(Beginning of Material for this exercise)

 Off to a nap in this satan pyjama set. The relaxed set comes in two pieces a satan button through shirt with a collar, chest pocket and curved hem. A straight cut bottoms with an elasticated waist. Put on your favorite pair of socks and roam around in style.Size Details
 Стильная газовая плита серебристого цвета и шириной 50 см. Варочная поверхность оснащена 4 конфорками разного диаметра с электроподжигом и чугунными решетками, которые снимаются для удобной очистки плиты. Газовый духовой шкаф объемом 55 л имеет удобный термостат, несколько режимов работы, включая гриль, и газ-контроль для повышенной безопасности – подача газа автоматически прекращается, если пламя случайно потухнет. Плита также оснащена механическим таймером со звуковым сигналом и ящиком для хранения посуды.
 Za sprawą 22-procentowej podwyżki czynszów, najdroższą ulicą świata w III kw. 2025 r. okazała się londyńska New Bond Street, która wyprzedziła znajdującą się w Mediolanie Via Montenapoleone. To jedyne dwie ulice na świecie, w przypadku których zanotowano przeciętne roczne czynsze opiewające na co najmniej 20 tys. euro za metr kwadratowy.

(End of Material for this exercise)
(Beginning of Material for this exercise)

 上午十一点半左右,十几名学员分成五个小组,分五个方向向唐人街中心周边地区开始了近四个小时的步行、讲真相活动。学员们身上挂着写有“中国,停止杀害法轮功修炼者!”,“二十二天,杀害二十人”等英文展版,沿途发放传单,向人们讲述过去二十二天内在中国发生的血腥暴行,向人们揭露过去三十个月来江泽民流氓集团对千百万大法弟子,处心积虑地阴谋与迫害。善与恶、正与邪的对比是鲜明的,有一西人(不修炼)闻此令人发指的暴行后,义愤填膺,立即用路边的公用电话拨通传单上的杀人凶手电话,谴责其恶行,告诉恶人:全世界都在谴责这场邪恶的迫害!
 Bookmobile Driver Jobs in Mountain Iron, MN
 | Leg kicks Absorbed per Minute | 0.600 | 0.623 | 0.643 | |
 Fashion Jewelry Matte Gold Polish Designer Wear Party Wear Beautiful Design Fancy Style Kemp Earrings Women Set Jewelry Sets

(End of Material for this exercise)
(Beginning of Material for this exercise)

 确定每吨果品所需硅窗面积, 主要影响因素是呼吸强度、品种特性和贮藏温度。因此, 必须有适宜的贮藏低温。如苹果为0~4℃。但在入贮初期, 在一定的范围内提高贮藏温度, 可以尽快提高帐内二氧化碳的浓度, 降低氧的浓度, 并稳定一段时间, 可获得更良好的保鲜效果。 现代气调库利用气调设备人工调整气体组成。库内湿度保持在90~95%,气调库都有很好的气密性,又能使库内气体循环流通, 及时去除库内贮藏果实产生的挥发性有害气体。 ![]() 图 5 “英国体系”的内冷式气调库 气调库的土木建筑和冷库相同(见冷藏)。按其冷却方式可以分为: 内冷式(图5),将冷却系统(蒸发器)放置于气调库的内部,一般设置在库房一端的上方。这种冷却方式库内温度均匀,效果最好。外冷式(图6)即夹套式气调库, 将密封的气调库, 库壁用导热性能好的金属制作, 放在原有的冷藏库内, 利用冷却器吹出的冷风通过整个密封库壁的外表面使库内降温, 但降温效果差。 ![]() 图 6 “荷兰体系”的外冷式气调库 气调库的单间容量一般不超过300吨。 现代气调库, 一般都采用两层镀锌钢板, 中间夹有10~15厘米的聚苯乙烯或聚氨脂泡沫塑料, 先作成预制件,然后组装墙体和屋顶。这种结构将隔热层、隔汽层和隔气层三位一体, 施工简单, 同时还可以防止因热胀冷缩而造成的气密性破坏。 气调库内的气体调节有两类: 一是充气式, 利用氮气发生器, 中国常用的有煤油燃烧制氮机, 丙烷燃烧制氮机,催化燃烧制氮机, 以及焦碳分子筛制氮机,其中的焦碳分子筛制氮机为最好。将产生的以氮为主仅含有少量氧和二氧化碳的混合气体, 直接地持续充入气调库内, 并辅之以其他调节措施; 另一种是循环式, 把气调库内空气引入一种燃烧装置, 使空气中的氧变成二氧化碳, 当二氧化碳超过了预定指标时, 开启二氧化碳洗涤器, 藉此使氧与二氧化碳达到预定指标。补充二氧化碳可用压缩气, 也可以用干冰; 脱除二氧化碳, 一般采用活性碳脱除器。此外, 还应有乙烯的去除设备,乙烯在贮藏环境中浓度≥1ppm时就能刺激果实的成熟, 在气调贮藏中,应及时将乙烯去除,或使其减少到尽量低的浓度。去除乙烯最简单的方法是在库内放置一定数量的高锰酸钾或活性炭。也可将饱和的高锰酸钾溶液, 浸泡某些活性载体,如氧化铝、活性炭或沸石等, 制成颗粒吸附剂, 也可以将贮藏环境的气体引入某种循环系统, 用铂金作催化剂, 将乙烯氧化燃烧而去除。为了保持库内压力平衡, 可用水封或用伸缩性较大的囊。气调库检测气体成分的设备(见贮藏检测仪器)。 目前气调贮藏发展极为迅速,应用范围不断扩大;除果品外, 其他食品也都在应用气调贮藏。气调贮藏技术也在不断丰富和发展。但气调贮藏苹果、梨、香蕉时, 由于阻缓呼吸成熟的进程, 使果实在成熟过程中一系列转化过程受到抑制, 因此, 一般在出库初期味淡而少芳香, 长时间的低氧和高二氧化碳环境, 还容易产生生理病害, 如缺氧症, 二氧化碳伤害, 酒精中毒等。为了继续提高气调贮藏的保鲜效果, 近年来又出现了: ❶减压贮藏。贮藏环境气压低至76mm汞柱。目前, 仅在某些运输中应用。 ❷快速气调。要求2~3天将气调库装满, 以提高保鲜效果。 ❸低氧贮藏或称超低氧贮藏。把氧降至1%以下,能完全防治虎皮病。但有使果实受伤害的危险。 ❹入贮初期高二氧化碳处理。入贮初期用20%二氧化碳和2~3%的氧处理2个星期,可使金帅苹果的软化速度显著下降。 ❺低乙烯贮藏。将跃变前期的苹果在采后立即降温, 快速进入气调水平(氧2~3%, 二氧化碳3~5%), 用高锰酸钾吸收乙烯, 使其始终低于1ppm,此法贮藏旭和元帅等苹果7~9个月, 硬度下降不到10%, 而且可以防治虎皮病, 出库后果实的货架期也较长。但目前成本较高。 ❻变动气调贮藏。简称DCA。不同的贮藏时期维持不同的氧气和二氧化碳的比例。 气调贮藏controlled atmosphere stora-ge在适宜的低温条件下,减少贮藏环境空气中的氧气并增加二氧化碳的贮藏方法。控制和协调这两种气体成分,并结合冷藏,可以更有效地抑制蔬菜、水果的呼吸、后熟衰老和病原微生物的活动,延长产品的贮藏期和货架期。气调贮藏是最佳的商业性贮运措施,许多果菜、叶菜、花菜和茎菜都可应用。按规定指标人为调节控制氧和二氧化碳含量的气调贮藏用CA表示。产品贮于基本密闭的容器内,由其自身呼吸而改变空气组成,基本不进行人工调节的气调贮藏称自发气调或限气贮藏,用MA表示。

(End of Material for this exercise)

**Problem description**
Return a word-for-word copy of the lines above from the one holding "0.623 | 0.643 | |" through the one holding "Fashion Jewelry Matte", with both of them included and nothing besides.

**Response below**
 | Leg kicks Absorbed per Minute | 0.600 | 0.623 | 0.643 | |
 Fashion Jewelry Matte Gold Polish Designer Wear Party Wear Beautiful Design Fancy Style Kemp Earrings Women Set Jewelry Sets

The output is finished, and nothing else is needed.